Doch Geduld hat eine Schattenseite. Ich kann warten – bis ich mein Ziel verloren habe. Ich kann mich in Geduld üben, wo ich besser ungeduldig wäre, wenn ich mich nicht verlieren will. Geduld schlägt mitunter um in eine Abfindung mit dem Ungenügenden, in eine selbstverleugnende Passivität.
Ich war Anfang des Jahres Teilnehmer bei einem Seminar Familienaufstellungen. Ich hatte ein wichtiges Anliegen, hoffte auf Antworten und Unterstützung.

Trotz eines großen inneren Drucks konnte ich gut damit leben, wie reihenweise andere TeilnehmerInnen ihre Arbeit anmeldeten, ihr Anliegen vortrugen – und ich fühlte mich gut darin. Ich war zufrieden damit, dass ich nicht sofort einen Platz brauchte. Ich vertraute darauf, dass ich schon Platz finden würde. Ich hatte in früheren Seminaren erfahren, dass der Leiter dafür sorgte, dass schließlich jeder, der wollte, einen Platz bekam.

Am Ende des zweiten von drei Seminartagen durchzuckte mich plötzlich ein tiefes Erschrecken: was, wenn der Leiter es diesmal anders handhaben würde? Wenn er einfach zu einer bestimmten Zeit aufhören würde?

Mir wurde schlagartig klar, dass ich ihm die Verantwortung für mein Anliegen übertragen hatte. Mir war etwas passiert, was ich in meinen eigenen Gruppen immer wieder von Klientinnen und Klienten erlebe – sie können sich noch nicht so wichtig nehmen, selbst für ihren Platz einzutreten, vielleicht sogar dafür zu kämpfen.

Irgendwann ist die Zeitschiene des Seminars abgelaufen – und sie bleiben unbefriedigt zurück. Am Morgen des letzten Seminartages war ich eine halbe Stunde früher im Seminarraum. Ich setzte mich auf den Stuhl, die Geste, mit der man anzeigte, arbeiten zu wollen – und ich bekam den Platz. Der Leiter machte es anschließend dennoch wie immer – die Zeit reichte für alle aus. Und dennoch: neben meiner Erfahrung aus der folgenden Aufstellung war ich froh über das, was ich zuvor selbst geschafft hatte – meinen Platz zu nehmen, ungeduldig zu sein.

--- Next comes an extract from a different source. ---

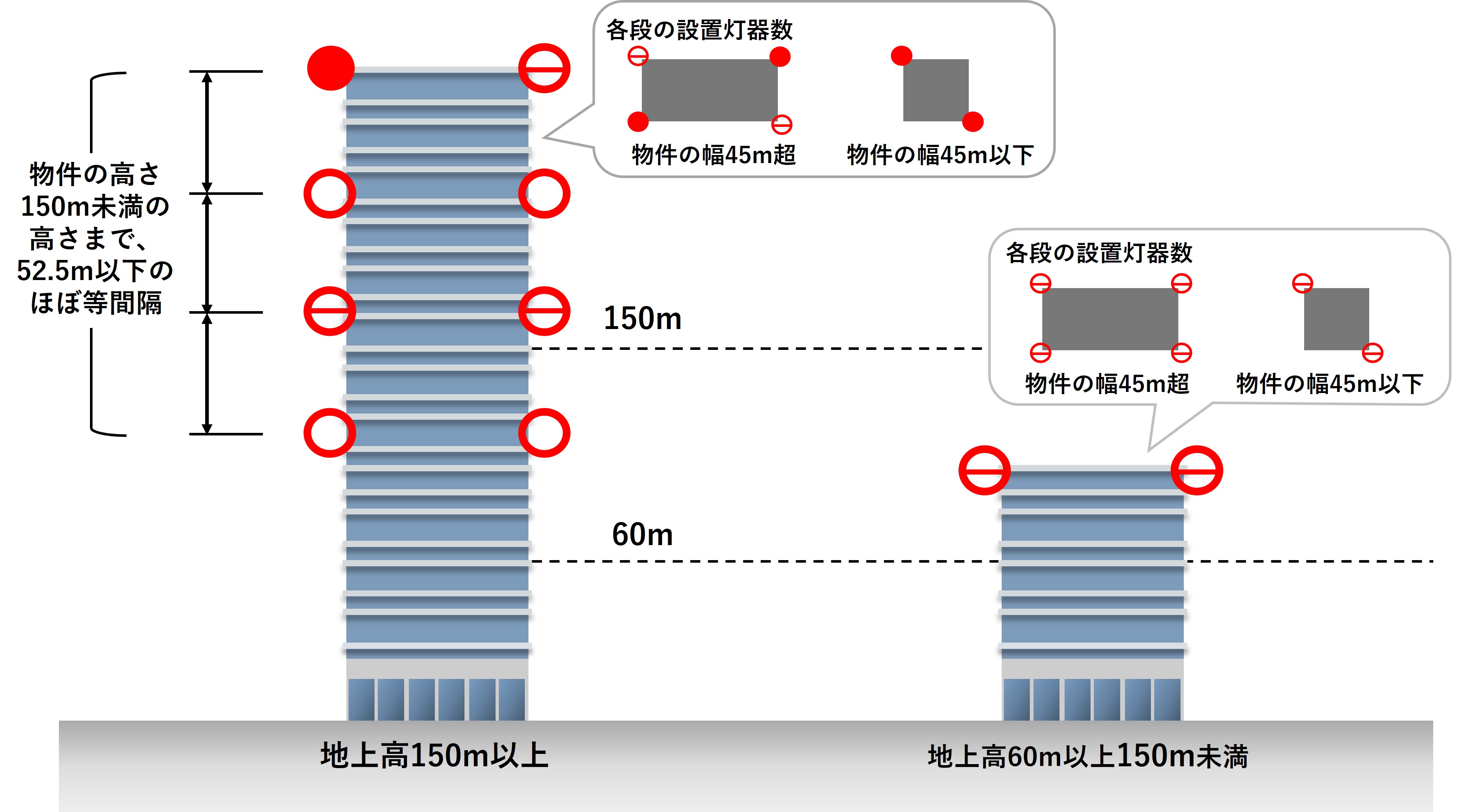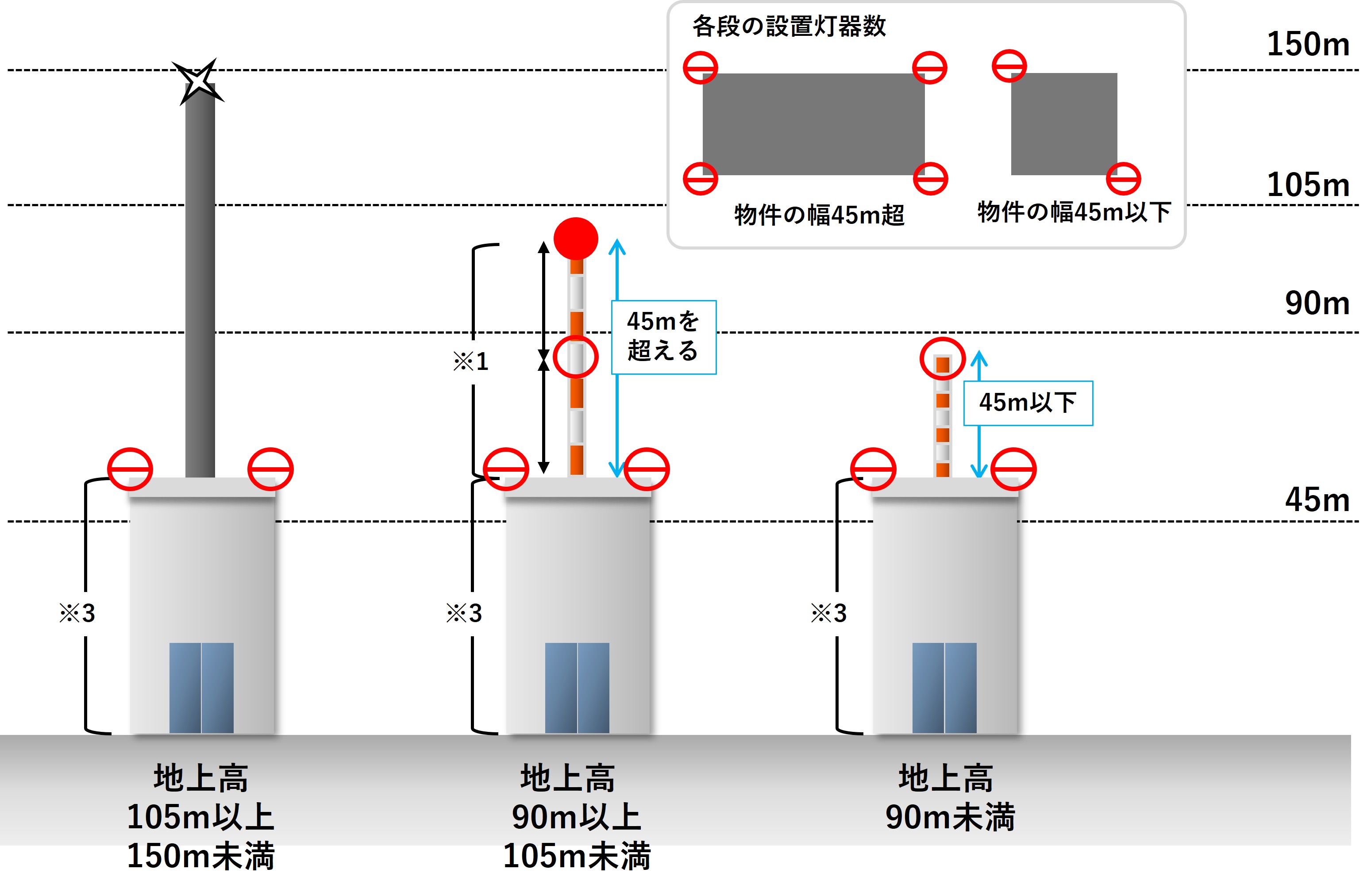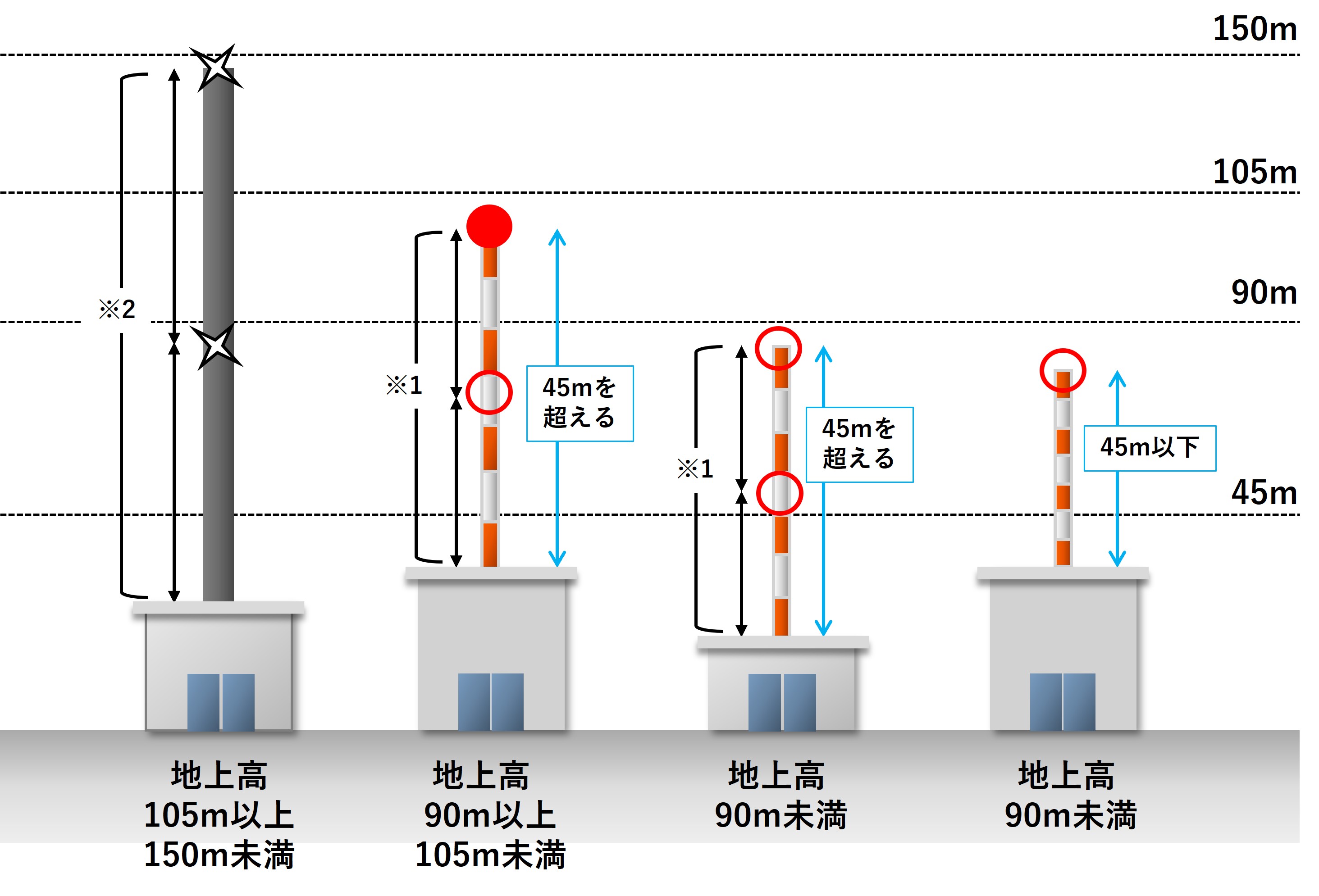 ※塔屋を含む150m以上の物件については「航空障害灯/昼間障害標識の設置等に関する解説・実施要領」をご参照ください。

Pascal Mercier lässt in seinem Roman "Nachtzug nach Lissabon" die Hauptfigur über die "gefährliche Tugend der Geduld" ärgerlich formulieren: „nichts weiter als eine abgesegnete Art, sich zu verfehlen“. Ungeduld ist dann auf der anderen Seite für mich eine Form, sich ernst und wichtig zu nehmen, die Beendigung falsch verstandener Bescheidenheit. Sie ist Ausdruck der Verantwortungsübernahme für das eigene Interesse, ja das eigene Leben.

Die Zeitschiene eines Seminars verweist letztlich mit großer Konsequenz auf ein zentrales Element der Realität, sie reflektiert die Begrenztheit der Zeit, auch der Lebenszeit – und was ich daraus mache. Hier verbindet sich das Über- die-Maßen-geduldig-Sein mit einem existenziellen Thema, der Frage einer existenziellen Schuld. Als solche bezeichnen manche Autoren die Verfehlung der Möglichkeiten des eigenen Lebens, die Nicht-Ausschöpfung dessen, was mir bekannt ist und zur Verfügung steht. Diese Schuld rührt nicht aus einer Fehlhandlung im juristischen Sinne; sie ist Ausdruck des Bedauerns oder der Reue darüber, was man in seinem Leben unterlassen hat oder unterlässt.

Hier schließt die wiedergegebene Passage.